The Non-Binary Agenda

Jun 14, 2019 | 2019 Summer - Nonbinary x2 (and more)

By Denarii Grace

I’ve been out as bisexual for over a decade now, but it took me 31 years to come out as non-binary/agender. While I readily acknowledge that this isn’t the case for everyone, for me, sexual and romantic orientation feel a lot easier — make a lot more sense — than gender identity. Perhaps it’s becasue of my specific journey.

I’ve been aware of my same/similar gender attractions (and, perhaps most importantly, their co-existence with my different/dissimilar gender attractions) since elementary school, since before I got my period, since . . . well, a really long time. Identifying outside of the conventional binary of gender, on the other hand, is a relatively new phenomenon for me.

The night before writing this, I read an article shared by a friend (also non-binary) about a 10-year-old who just came out as non-binary and uses they/them pronouns.
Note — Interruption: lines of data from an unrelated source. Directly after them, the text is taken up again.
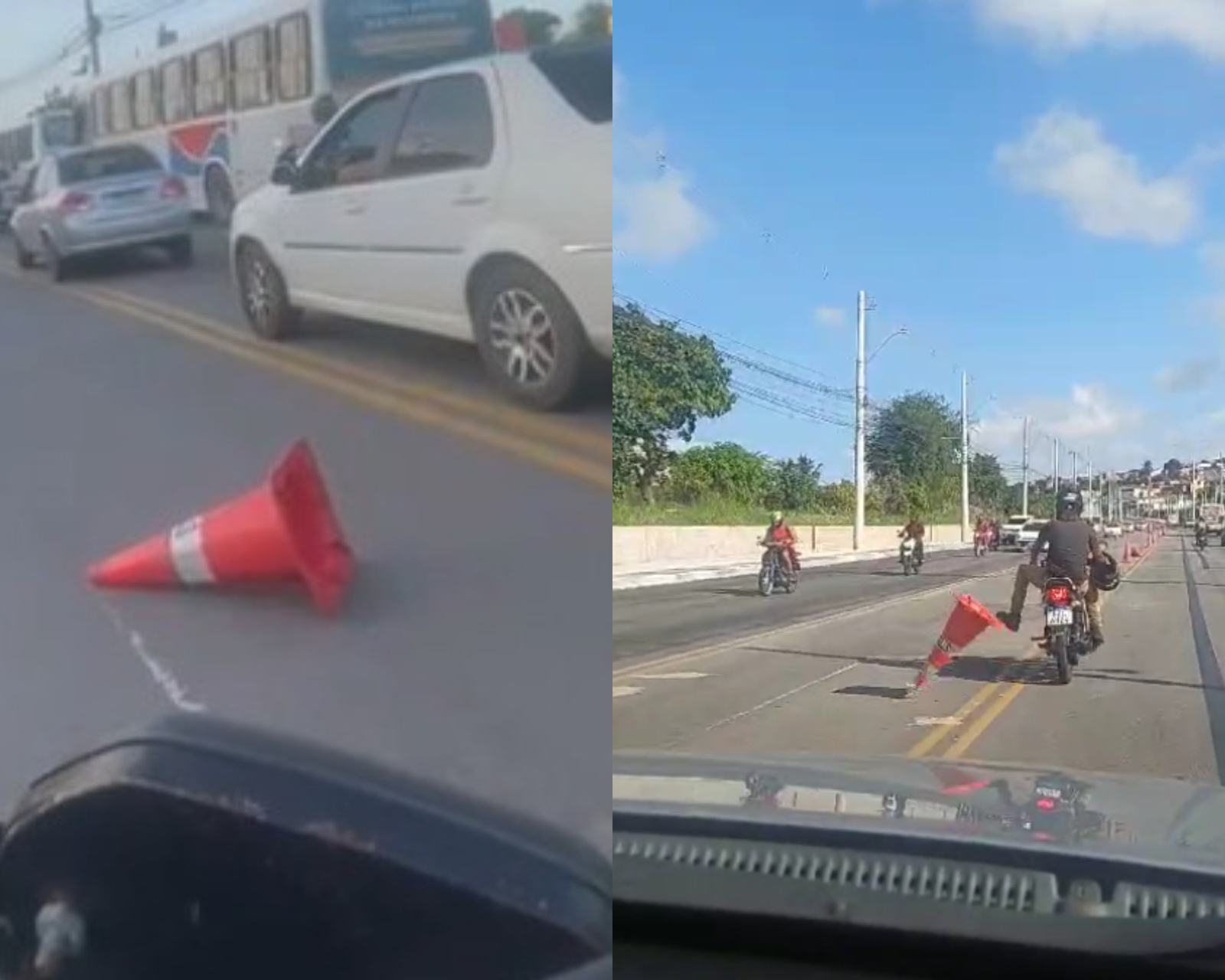 Na tarde da segunda-feira (18), o vídeo de um motociclista derrubando propositalmente cones da avenida circulou nas redes sociais. O condutor foi flagrado no momento em que chutava o objeto.
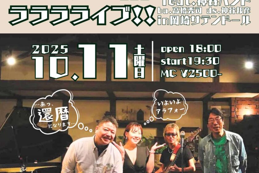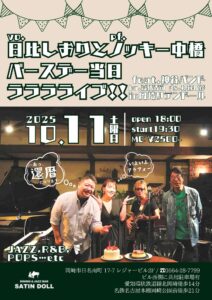 神谷バンド ひびしおり&ノッキー birthday 2500円 10月 11 Sat 2025 ライブ ひびしおり(Vo)、神谷邦彦(Dr)、高橋秀司(Gt)、ノッキー中橋(Pf)・・・2500円 前のスケジュール 次のスケジュール
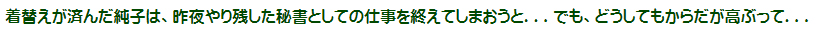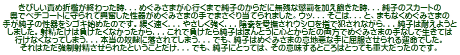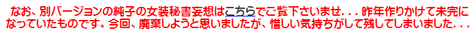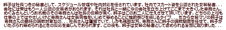 ![]() 陰湿で無残な紐遣い...2週間以上の射精禁止のからだに懲罰バンドと奴隷リングの淫らな責め折檻が加えられて... 下とは別バージョンの純子の女装秘書妄想はこちらでご覧下さいませ。<懲罰会議><社内引き回し>などの妄想... [2015.05.12] ![]() ![]() ![]() 画像をクリックすると大きな画像にジャンプします。 ![]() この日は移動日。ホテルに着くまで、とにかく早くスカート姿に変身したい!あの裾の感触を太ももに感じていたい!って...そればかり思っていました。 チェックインしてからまずシャワーを浴びて、簡易バージョンでスカート姿に変身しました。股縄をかけられ、スリップにペチコート1枚、生脚の純子です。 画像にマウスポインターを置くと裏画像が出ます。 ![]() ホテルでいいのはスカート姿でベッドやソファーに座れること。ごちゃごちゃの自宅とちがって、すっきりしていること。この夜もスカート姿でベッドに座り、 お気に入りのSM雑誌のバックナンバーを読みました。純子のマゾ心のツボを刺激する描写が、スカートの中のからだを虐められモードに高ぶらせます。 画像にマウスポインターを置くと裏画像が出て大きな画像にジャンプできます。 ![]() まだ生脚の純子です。見る立場からは、スカートの下にガーターベルトで吊ったストッキングが見えるとエロチックで楽しめますが、スカート姿の本人 としては生脚の方が、スカートやペチコートの感触を太ももに感じることができてとても刺激的...だから、つい生脚で時間を過ごしてしまいました... 画像にマウスポインターを置くと裏画像が出て大きな画像にジャンプできます。 ![]() でも時間は限られています。そろそろ正式のスカート姿に変身しなければ...今回のテーマというかモチーフというか、純子の頭の中に棲みついた被虐の 妄想にどっぷりと漬かるためには、きちんとした服装をしなければなりませんでした。ええ、それは女装の秘書として働き、懲罰を受け、辱められる妄想... 画像をクリックすると大きな画像にジャンプします。 ![]() スカートの裾から白いレースが覗いて見えるのって、とてもエロチック...純子は子供の時からそう思ってました。その時はペチコートというものを知らず、 スカートの下のスリップ(シュミーズ)を想像しながら淫らな自慰行為に耽っていました。その頃のことを思い出しながら、自分のスリップ姿を鏡に映します。 昔は裾が好きでしたが、今では裾だけでなくどちらかというと肩紐がとてもエロチックに思えます。ブラジャーと2対の肩紐...いかにも女性らしいから... 画像をクリックすると大きな画像にジャンプします。 ![]() スリップを脱ぎ、キャミソール+ペチコートという純子の定番スタイルに切り替わりました。ウシロはこの淫具で深々と犯され、前には懲罰バンドと 奴隷リングが嵌められて性器を締め上げられています。その前とウシロのみじめな感触が純子を興奮させました。ああ...性奴隷なんだわ... 画像にマウスポインターを置くと裏画像が出て大きな画像にジャンプできます。 ![]() ペチコートの下に淫らな責め具を隠したまま来た時のワイシャツ+ネクタイ姿になりました。ただしボトムはズボンではなく紺無地のフレアーミニスカート... 来る時にJRの中で思い描いていた正装でした。生脚ではなく、ストッキングをガーターベルトで吊っています。秘書としてふさわしいスタイルだと信じています。 画像にマウスポインターを置くと裏画像が出て大きな画像にジャンプできます。 ![]() この夜の純子の正装が整いました。こんなスカート姿で仕事をしたい...みんなに見られ、男性からはいやらしい目で、そして女性からは意地悪な 目で見られながら、秘書として勤務するの。そして就業時間後は、社長さんや専務さんから罰を受け、そして会社の共用性奴隷として調教されたいわ。 ![]() 画像をクリックすると大きな画像にジャンプします。(SM雑誌は大きな画像はありません。) ![]() ![]() ![]() ![]() ![]() ![]() ![]() ![]() ![]() ![]() ![]() ![]() ![]() ![]() ![]() ![]() ![]() ![]() ![]() ![]() ![]() 画像をクリックすると大きな画像にジャンプします。 ![]() 純子のスカートの中の淫らな責めを、めぐみさまはすべてご存知です。その上で、純子のスカート姿を楽しまれています。恥ずかしい...そんな 純子の羞恥心を弄ぶように...そして純子にこれからの陰惨ないたぶりと辱めを予感させて楽しんでおられます。純子はめぐみさまの性奴隷! 画像をクリックすると大きな画像にジャンプします。 ![]() スカートで隠した純子の淫らな欲望...被虐の歓びをむさぼろうとする純子の淫らな欲望がさらけ出される瞬間...めぐみさまの意地悪な棒で 純子の恥ずかしい欲望が社内で晒しものにされる瞬間...この時、純子の性奴隷としての身分は決定的なものになりました。もう戻れない... 画像をクリックすると大きな画像にジャンプします。 ![]() スカートもペチコートも捲り上げられて性器を剥き出しにされ、亀頭のくびれを紐遣いで虐められ
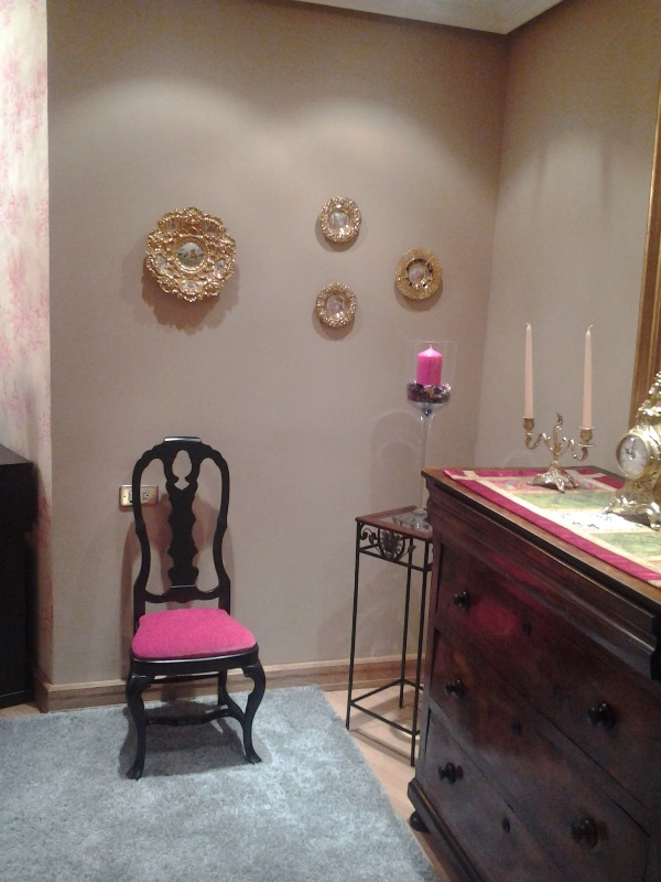 Las piezas clave de esta salita son las antiguas butacas restauradas por el Taller de Serranos, a las que se les ha dado el toque diferente con la fuerza del fucsia.
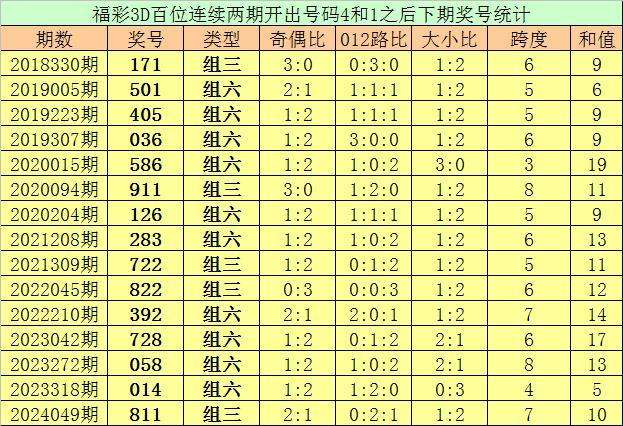 百位号码:连续两期百位出号分别为:4-1,历史上福彩3D连续两期前后分别出号4-1的奖号共出现86次。在百位4-1的奖号现象出现时,近15期下期分别出号:171-501-405-036-586-911-126-283-722-822-392-728-058-014-811;
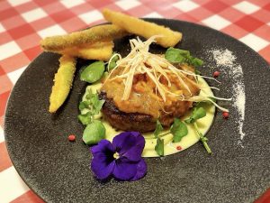 割ると肉汁とともにとろりと溢れるゴーダチーズを包んだハンバーグ。
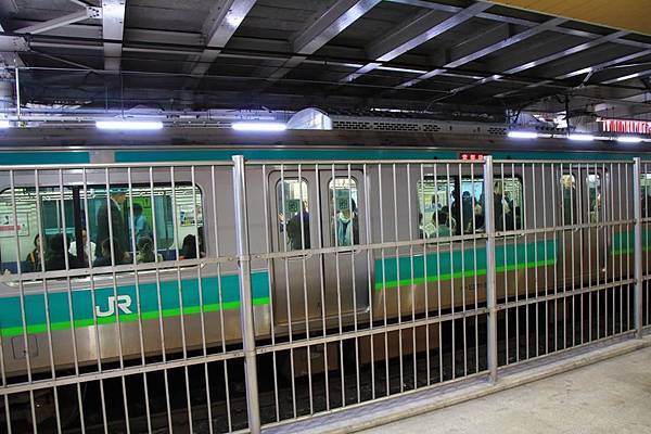 而旁邊用柵欄隔開的, 是JR常磐快速線的月台(3番線)

The child is white and thin, fitting into the few media conceptions of what it means to be non-binary — completely removed from my experiences as lifelong fat Black person — but I read it with such fascination, awe, longing, and also some doubt.

As an older millennial, born in 1987, I often wonder what it would have been like to have come of age in a society that, while certainly unbelievably far from perfect, is much more accepting and understanding of queerness and, to a lesser extent, transness than it was when I was growing up. I wondered what it would have been like to not have to wait until 31 to come out as “not this, but not quite that either.”

And, of course, because imposter syndrome lurks behind these non-binary identities regularly, I also wondered if I would have been as aware as that ten-year-old. If non-binary, agender, and genderfluid identities were as mainstream in the ’90s as they are now, would I have known?

Perhaps, even more so than sexual and romantic identity, the narrative of trans experience is that people “know” who they are at very young ages, at around the toddler stage. Recent studies around these issues, for many trans youth (and the adults who were once closeted trans youth), are a godsend that validate what they’d always known deep down in their hearts.

But what if I didn’t know? What if I wasn’t who I think I am? Can that change? Am I allowed to change? Was I cis at 12, curious/questioning at 21, and (mostly) certain now? What does it all mean? It’s been a little more than a year since I came out and I’m still trying to sort it all out. And I’m not all that certain that I ever will.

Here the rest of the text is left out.